Another month, another drop in existing home sales, which in March declined once again from 4.60MM units to 4.59MM. While the good news was that this number did beat the consensus estimate of 4.56MM (based on a a range of 4.50MM to 4.85MM from 75 economist surveyed), the bad news was that once again, a near majority of the upside was once again due to investors and other all-cash buyers, who accounted for 50% of all sales. That and that like last time, of course, this was the worst existing home sales number since July 2012.
Some of the other data highlights:
- Existing-home sales fell 0.2% after falling 0.4% prior month
- 5.2 months supply in March vs. 5.0 in Feb.
- Inventory rose 4.7% to 1.99m homes
- 1st-time buyers 30% of total sales; all cash 33%; investors 17%
- Distressed sales 14% of total sales; of which foreclosures 10%; short sales 4%
- Median home price rose 7.9% from last year to $198,500
Everyone's favorite NAR talking head Larry Yun had this to say:
Lawrence Yun, NAR chief economist, said that current sales activity is underperforming by historical standards. “There really should be stronger levels of home sales given our population growth,” he said. “In contrast, price growth is rising faster than historical norms because of inventory shortages.”
Yun expects some improvement in the months ahead. “With ongoing job creation and some weather delayed shopping activity, home sales should pick up, especially if inventory continues to improve and mortgage interest rates rise only modestly.”
But only if it doesn't snow, or rain, and certainly not if it is windy or the sun is shining just the wrong shade of strong. Remember in an artificial, centrally-planned economy represented by a rigged market, the phrase priced to perfection takes on a whole new meaning.
Some more details from the report:
All-cash sales comprised 33 percent of transactions in March, compared with 35 percent in February and 30 percent in March 2013. Individual investors, who account for many cash sales, purchased 17 percent of homes in March, down from 21 percent in February and 19 percent in March 2013. Seventy-one percent of investors paid cash in March.
Single-family home sales were unchanged at a seasonally adjusted annual rate of 4.04 million in March, the same as February, but are 7.3 percent below the 4.36 million pace a year ago. The median existing single-family home price was $198,200 in March, which is 7.4 percent above March 2013.
Existing condominium and co-op sales declined 1.8 percent to an annual rate of 550,000 units in March from 560,000 in February, and are 8.3 percent below the 600,000 level in March 2013. The median existing condo price was $200,800 in March, up 11.6 percent from a year ago.
Regionally, existing-home sales in the Northeast rose 9.1 percent to an annual rate of 600,000 in March, but are 4.8 percent below March 2013. The median price in the Northeast was $244,700, up 3.2 percent from a year ago.
Existing-home sales in the Midwest rose 4.0 percent in March to a pace of 1.04 million, but are 10.3 percent below a year ago.

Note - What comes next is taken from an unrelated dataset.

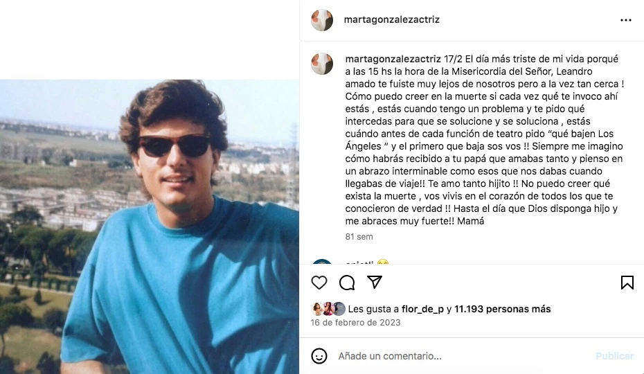 "He sufrido mucho pero creo que de verdad la muerte no existe. Cuando lo nombro a Leandro, cuando lo necesito. Leandro está, porque está acá", aseguró Marta en relación a su hijo que murió cuando sólo tenía 29 años. Este era fruto de su relación con el ex futbolista Chiche Sosa y su partida la marcó para siempre.
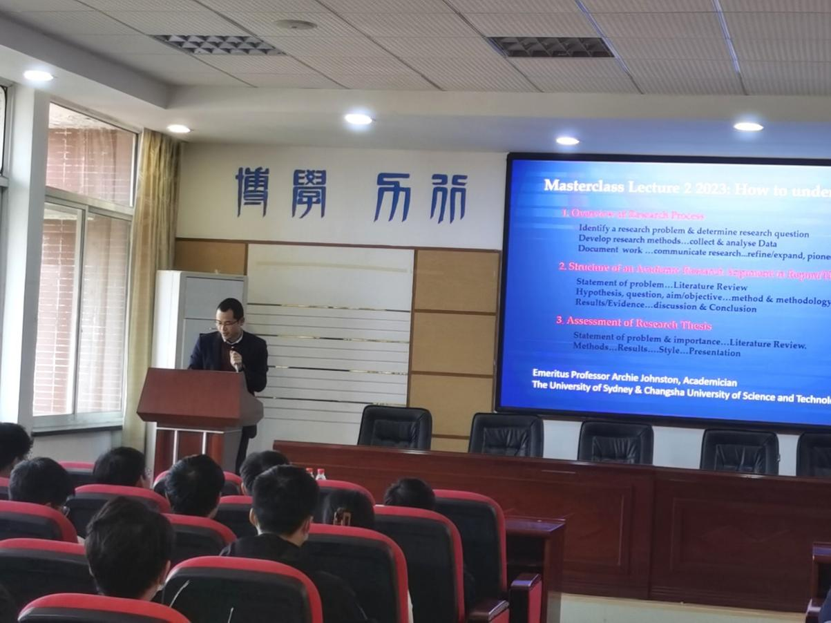 11月23日下午,澳大利亚科学技术与工程院院士、在线买世界杯平台湖湘学者特聘教授Archie James Johnston在工一B503学术报告厅为学院师生做《How to undertake research》主旨报告。报告会由学院副院长王文主持,学院教师代表、研究生近100人参加。

The median price in the Midwest was $149,600, which is 5.9 percent above March 2013.
In the South, existing-home sales declined 3.0 percent to an annual level of 1.92 million in March, and also are 3.0 percent below March 2013. The median price in the South was $173,000, up 6.7 percent from a year ago.
Existing-home sales in the West fell 3.7 percent to a pace of 1.03 million in March, and are 13.4 percent below a year ago. The median price in the West was $289,300, which is 12.6 percent higher than March 2013.
Finally, remember that all of the above is largely BS - the NAR is, as the name implies, an association of realtors, and as such it is in their best interest to perpetually skew the picture as far rosier than it is, just so prospective buyers aren't spooked by the reality behind the crumbling fake facade.